[Date Prev][Date Next][Thread Prev][Thread Next][Date Index][Thread Index]

Re: [Xen-devel] [PATCH v3 1/2] xen/pt: fix some pass-thru devices don't work across reboot



On Thu, Dec 20, 2018 at 10:46:29AM +0800, Chao Gao wrote:
> On Wed, Dec 19, 2018 at 09:57:51AM +0100, Roger Pau Monné wrote:
> >On Tue, Dec 18, 2018 at 10:43:37PM +0800, Chao Gao wrote:
> >> I find some pass-thru devices don't work any more across guest
> >> reboot. Assigning it to another domain also meets the same issue. And
> >> the only way to make it work again is un-binding and binding it to
> >> pciback. Someone reported this issue one year ago [1].
> >> 
> >> If the device's driver doesn't disable MSI-X during shutdown or qemu is
> >> killed/crashed before the domain shutdown, this domain's pirq won't be
> >> unmapped. Then xen takes over this work, unmapping all pirq-s, when
> >> destroying guest. But as pciback has already disabled meory decoding before
> >> xen unmapping pirq, Xen has to sets the host_maskall flag and maskall bit
> >> to mask a MSI rather than sets maskbit in MSI-x table.
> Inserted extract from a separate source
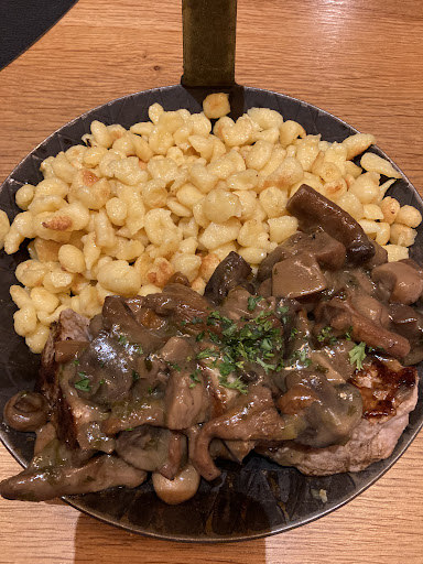 Meine Frau und ich kamen heute gegen 18:00 Uhr schon ziemlich hungrig im Restaurant an, und fragten nach einem Tisch für zwei Personen, wir verneinten eine Reservierung, (vermutlich) der Oberkellner (der einzige Mann mit Krawatte) zögerte kurz und wies uns einen Tisch zu und sagte, dass heute viel los, einen anderen Tisch könne er uns nicht geben, es war erkennbar, dass er uns nicht wegschicken wollte. Wir setzen uns hin, ich bestellte einen Eistee, meine Frau einen Tee, den ich kaum aussprechen, geschweige denn schreiben kann, außerdem bestellten wir ein Kalbsschnitzel, was sehr lecker war und das Angussteak, was ebenfalls sehr lecker war. Der Kellner brachte meiner Frau den falschen Tee, nachdem er darauf aufmerksam gemacht wurde, involvierte er meine Frau persönlich bei der Auswahl des richtigen Tees. Insgesamt warteten wir seit Ankunft im Restaurant über eine Stunde auf unser Essen, was mich wütend machte ("hangry"). Ich teilte dem Oberkellner mit, dass ich erwarten würde, dass sich das in der Rechnung bemerkbar mache, der Oberkellner entschuldigte sich zunächst, verwies auf das hohe Gastaufkommen und wollte uns nicht entgegenkommen. Ich legte nach, dass ich es nicht in Ordnung fände, so lange auf das Essen warten zu müssen und dass ich bei dieser langen Wartezeit lieber woanders hingegangen wäre. Der Oberkellner machte weiterhin keine konkreten Zugeständnisse, woraufhin ich sagte, dass wir sehen würden, was auf der Rechnungen stehen würde. Daraufhin sagte er - mittlerweile ebenfalls verärgert - dass wir das Essen nicht zahlen bräuchten, lediglich die Getränke. Ich meldete kurz zurück, dass das nicht nötig sei. Meine Frau und ich - mit vor Aufregung zitternden Händen - aßen das sehr leckere Essen. Als der Kellner wieder vorbeikam, der uns auch den Tee brachte, fragte ich nach der Rechnung, ob mit Karte gezahlt und unter diesen Umständen auch Trinkgeld gegeben werden könne, was der Kellner bejahte. Der Oberkellner kam wenige Minuten später zu uns, entschuldigte sich erneut und sagte, dass es seiner Meinung nach impliziert gewesen sei, dass wir auf unser Essen länger würden warten müssen, da der Laden ja voll gewesen sei und gab zu, dass er es aber nicht direkt gesagt habe. Wir einigten uns darauf, dass wir nur die Getränke nicht zahlen würden. Er liebe seinen Job, sagte er uns. Er bat uns darum noch fünf Minuten zu warten, da wir noch eine Überraschung bekämen. Wir bedankten uns und warten. Es waren zwei Dessertteller mit einer Kugel Eis, Sahne, Früchten und einem warmen Schokoladen Kuchen ähnlichen Dessert. Nachdem wir gezahlt hatten, und sich der "Tee Kellner" auch nochmal entschuldigt hatte, ging ich nochmal auf den Oberkellner zu, der sich nochmal entschuldigte und uns einen schönen Abend wünschte und sinngemäß sagte, dass er nun auch zufrieden sei, weil wir zufrieden seien und streckte mir seine Hand entgegen, die ich sehr gerne schüttelte. Der Oberkellner hat mich sehr beeindruckt damit, dass er sich ernsthaft entschuldigte und eine angenehme Lösung vorschlug. Sehr gerne wieder! Wenn sich der Oberkellner dazu äußern möchte: Dachten Sie, dass wir gar nichts für das Essen zahlen wollten, als ich sagte, dass wir auf die Rechnung warten würden?
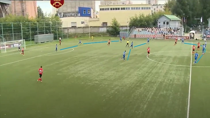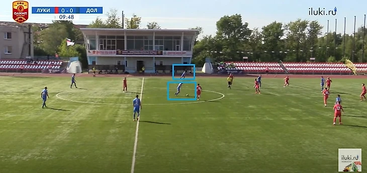 Из прошлого мини — обзора из Верхних Лук, мы знаем, что хозяева вскрывают зоны между ЛЗ и ЦЗ. По первым минутам «Луки» пробовали вскрыть именно эту зону:

The call trace of
> >> this process is:
> >> 
> >> ->arch_domain_destroy
> >>     ->free_domain_pirqs
> >>         ->unmap_domain_pirq (if pirq isn't unmapped by qemu)
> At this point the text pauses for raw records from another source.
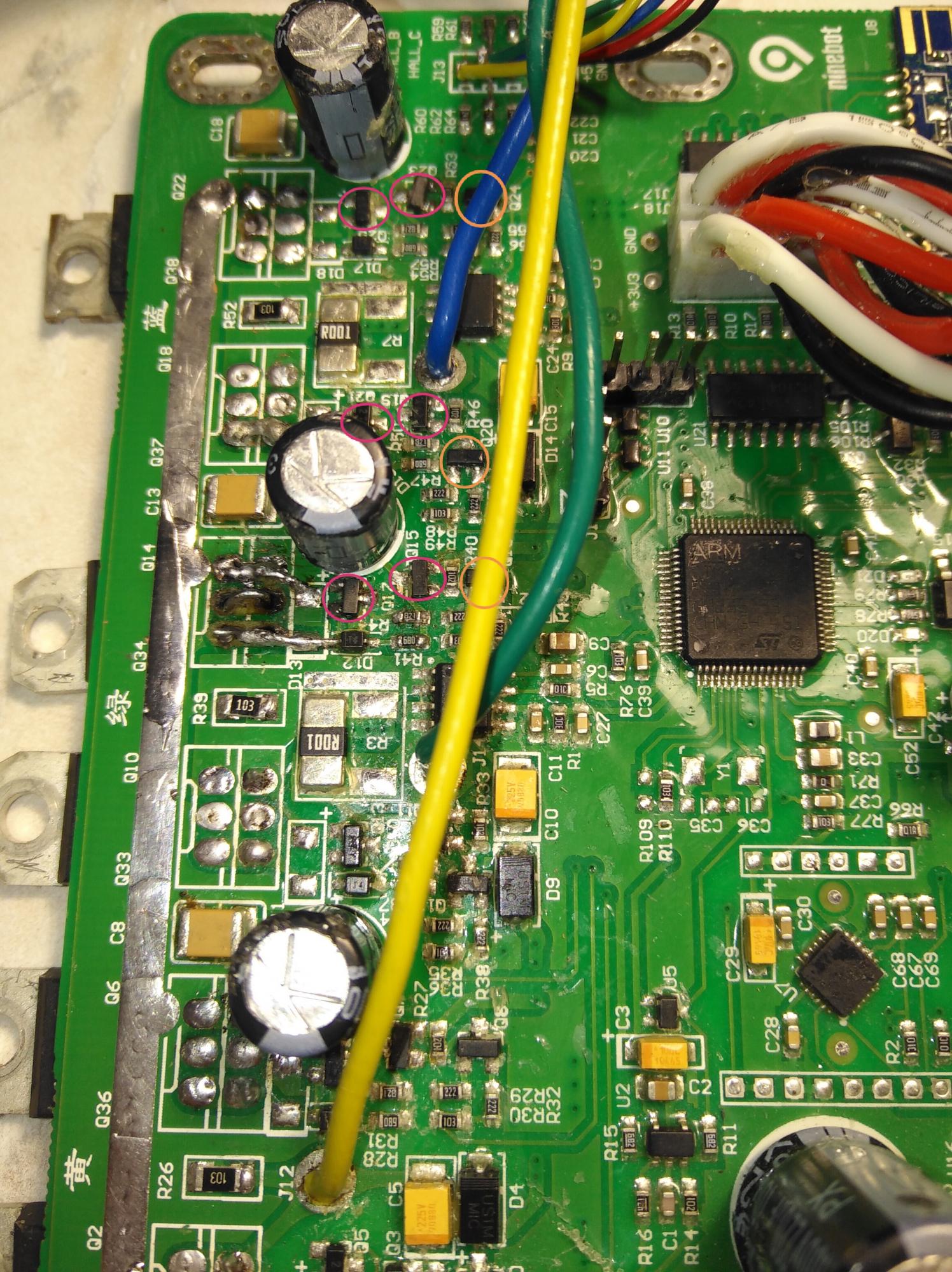 Итак друзья проблема с выбиванием мосфетов решена, делюсь как, может кому пригодиться, дело было так, при включении колеса выбивало 3 мосфета (всегда в одном месте) после этого колесо уходило в защиту, на плате естественно к.з, первыми делом путем кропотливого поиска было найдено несколько мёртвых транзисторов из обвязки драйвера (на фото они розового цвета) меняю включаю, колесо заводится но при наклоне истерично дергается, понимаю что проблема с подачей тока, меняю стабилизаторы, они у меня под маркировкой G1 (на фото помечены оранжевым цветом) и вуаля порядок! Всем удачного ремонта, но лучше без него.
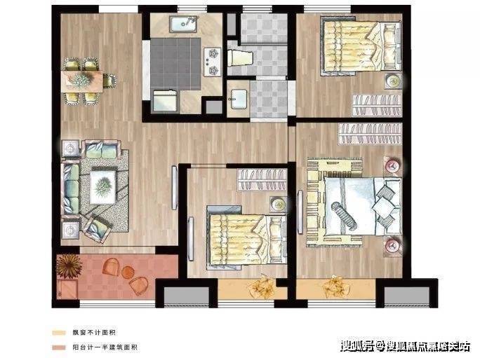 3房2厅1卫,在当下2卫风靡的情况下看似不太行,但其实是开发商对市场进行了深入研究,才得出这样实用的配置。
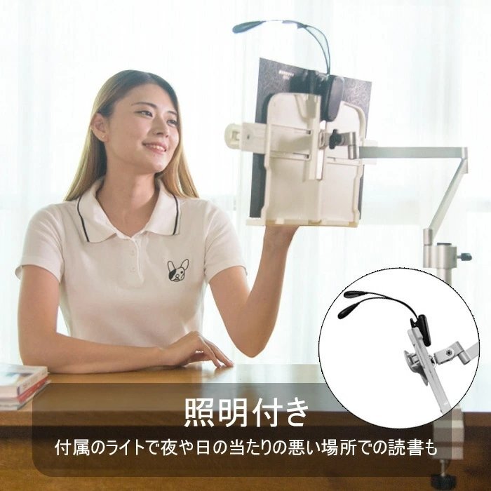 【ベッドやソファで快適読書】両手を使わずにベッドで読書が可能です。サイドテーブル等にアームスタンドを固定してご使用ください。ベッドに座った状態、横向き、仰向けになっても快適に読書が楽しめます。就寝時はアームを折りたたんでください。
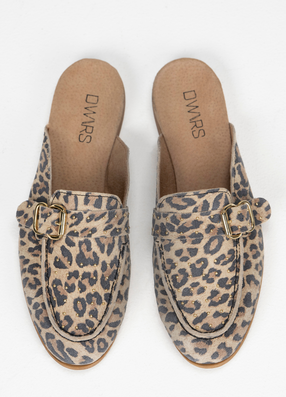 Jasper loafer leopard met gouden studs De Jasper loafer is een echte klassieker en een must-have voor in je garderobe. De Jasper loafer kan dan ook niet ontbreken en is een toffe toevoeging aan elke outfit. Deze gouden studs geven een leuke toevoeging aan de schoen. Aan de buitenzijde is de schoen gemaakt van leer en aan de binnenzijde ook van leer.
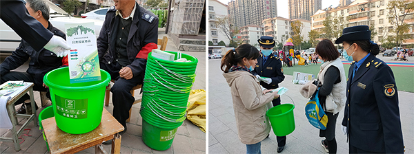 現(xiàn)場工作人員向居民進(jìn)行垃圾分類知識(shí)宣傳,向居民發(fā)放垃圾分類指南、垃圾分類宣傳冊(cè),普及垃圾分類知識(shí),講解垃圾分類的具體做法,宣傳垃圾分類的歷史意義。
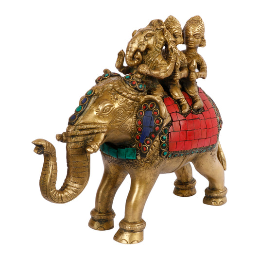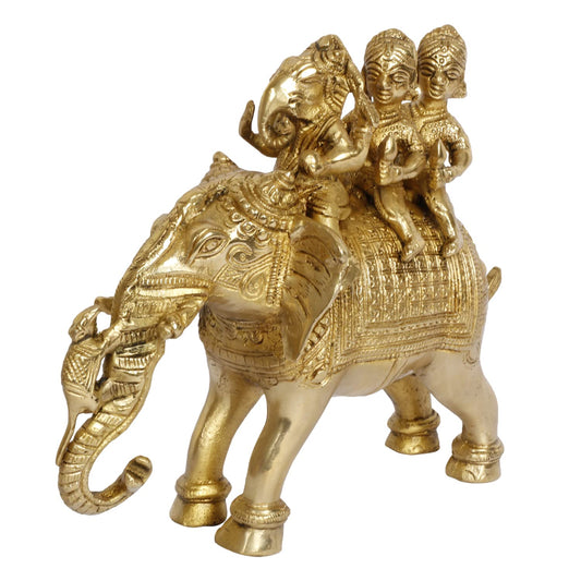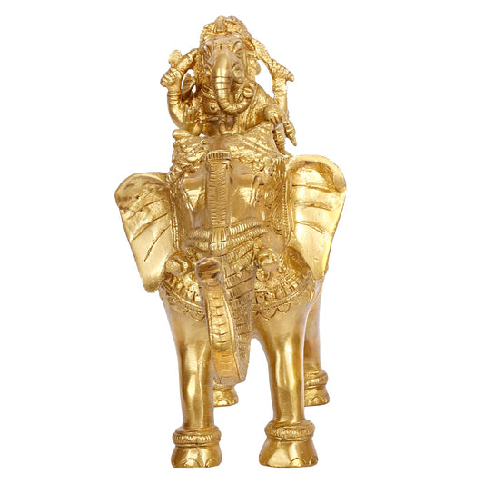 Brass Riddhi Siddhi Ganesha Ganesh Sitting on Elephant Idol Murti God Ganesha Vinayak Ganpati 8.5 Inch Gold Color
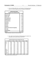 Deutscher Bundestag – 19. Wahlperiode –7– Drucksache 19/18385 16. Wie viele Verkehrstote gab es nach Kenntnis der Bundesregierung im Jahr 2019 in Sachsen insgesamt (bitte nach Landkreisen aufschlüsseln)?
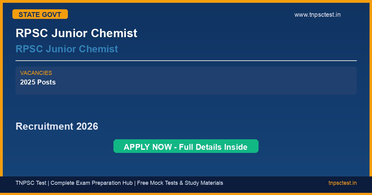 RPSC Junior Chemist has released an official recruitment notification for the post of RPSC Junior Chemist. A total of RPSC Junior Chemist Recruitment 2025 : Vacancy Details Total : 13 Post vacancies have been announced for this state government recruitment 2026. Read below for complete details on eligibility criteria, application fee, selection process, salary, and how to apply for this RPSC Junior Chemist recruitment.
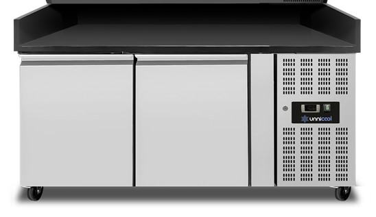 Pizza-Kühltisch 1510 mm – 2 Türen (EN 600x400) in Schwarz mit Granit

> >>             ->pirq_guest_force_unbind
> >>                 ->__pirq_guest_unbind
> >>                     ->mask_msi_irq(=desc->handler->disable())
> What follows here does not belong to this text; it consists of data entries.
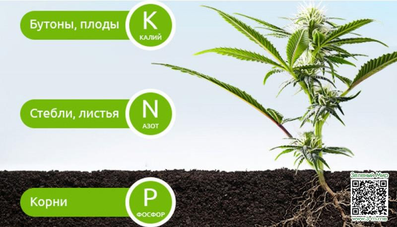 Основой рациона конопли в период формирования соцветий составляет фосфор (P). Фосфорные удобрения позволят поддерживать концентрацию данного макроэлемента в пределах нормы. На втором месте по значимости во время цветения идет азот (N) и калий (K). Азот в больших объемах поглощается в вегетационный период. Как только наступает цветение, лидерство переходит к фосфору, а к концу формирования соцветий – к калию.
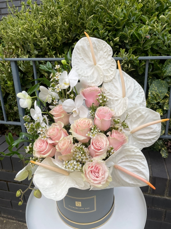 Beautiful hat box with wax flower, pink mondial roses, white orchid & anthurium
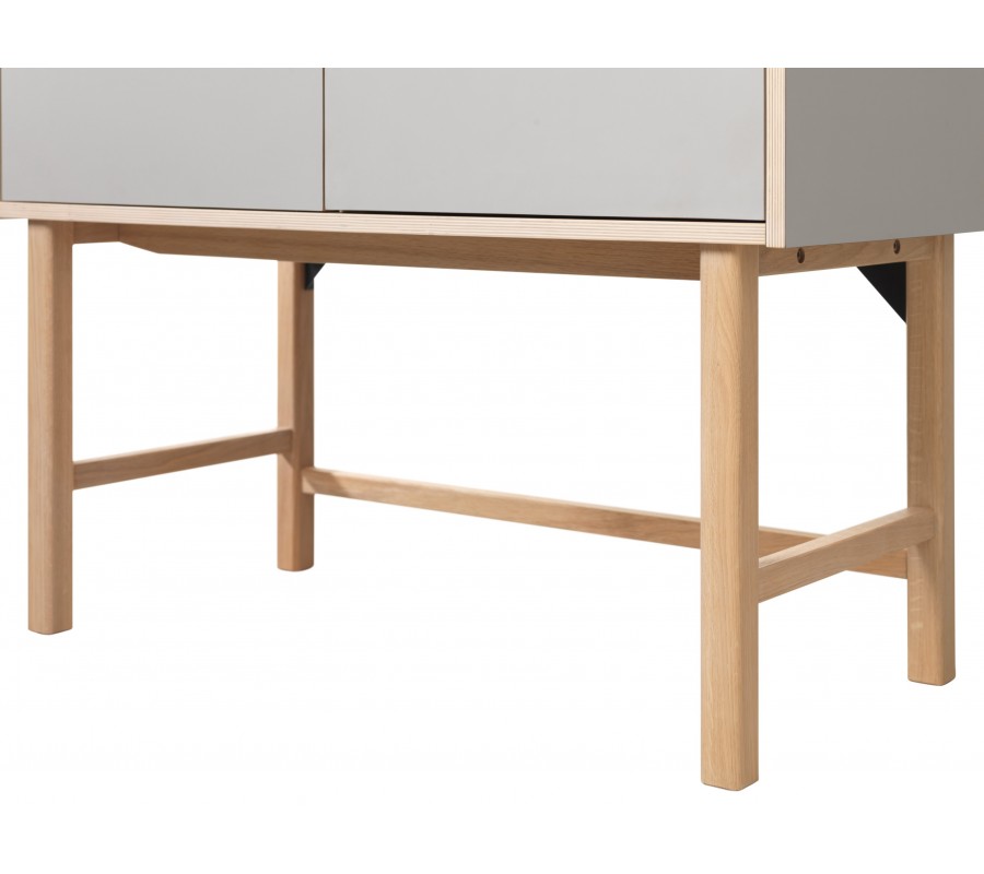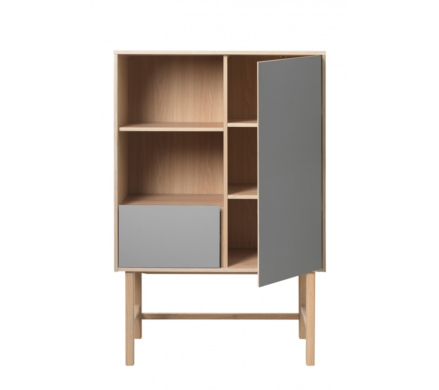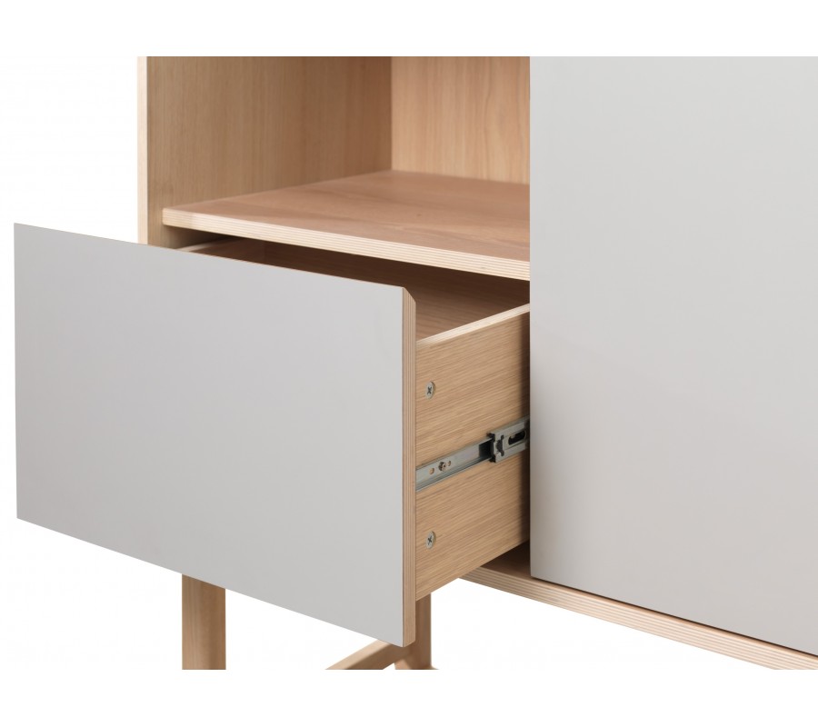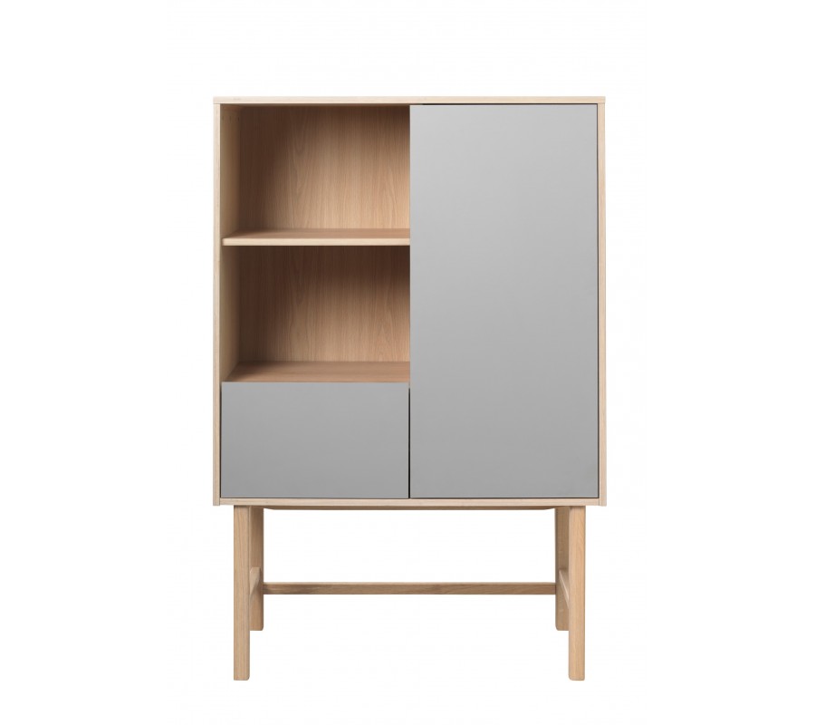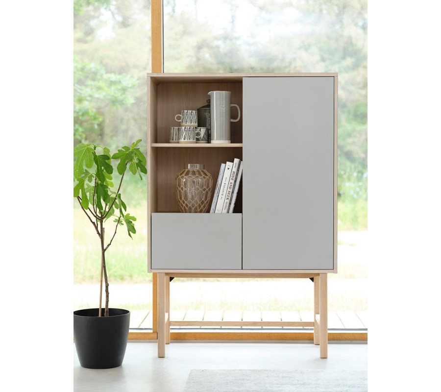 Skříňka má asymetricky řešený úložný prostor – na pravé straně se nacházejí dvířka se šedým čelem, za kterými je krytý úložný prostor. Nalevé straně je otevřená část se dvěma policemi, vhodná pro vystavení lahví, sklenic nebo dekorací, a ve spodní části je umístěna praktická zásuvka. Vnitřek v dřevěném dekoru působí teplo a přirozeně. Celek doplňují štíhlé nožičky z masivního dřeva, které nábytek opticky odlehčují a dodávají mu typický skandinávský charakter.

> >>                         ->the warning in msi_set_mask_bit()
> >> 
> >> The host_maskall bit will prevent guests from clearing the maskall bit
> >> even the device is assigned to another guest later. Then guests cannot
> >> receive MSIs from this device.
> >> 
> >> To fix this issue, a pirq is unmapped before memory decoding is disabled by
> >> pciback. Specifically, when a device is detached from a guest, all 
> >> established
> >> mappings between pirq and msi are destroying before changing the ownership.
> >> 
> >> [1]: 
> >> https://lists.xenproject.org/archives/html/xen-devel/2017-09/msg02520.html
> >> 
> >> Signed-off-by: Chao Gao <chao.gao@xxxxxxxxx>
> >> ---
> >> Applied this patch, qemu would report the error below:
> >>     [00:05.0] msi_msix_disable: Error: Unbinding of MSI-X failed. (err: 1, 
> >> pirq: 302, gvec: 0xd5)
> >>     [00:05.0] msi_msix_disable: Error: Unbinding of MSI-X failed. (err: 1, 
> >> pirq: 301, gvec: 0xe5)
> >>     [00:04.0] msi_msix_disable: Error: Unbinding of MSI-X failed. (err: 1, 
> >> pirq: 359, gvec: 0x41)
> >>     [00:04.0] msi_msix_disable: Error: Unbinding of MSI-X failed. (err: 1, 
> >> pirq: 358, gvec: 0x51)
> >> 
> >> Despite of the error, guest shutdown or device hotplug finishs smoothly.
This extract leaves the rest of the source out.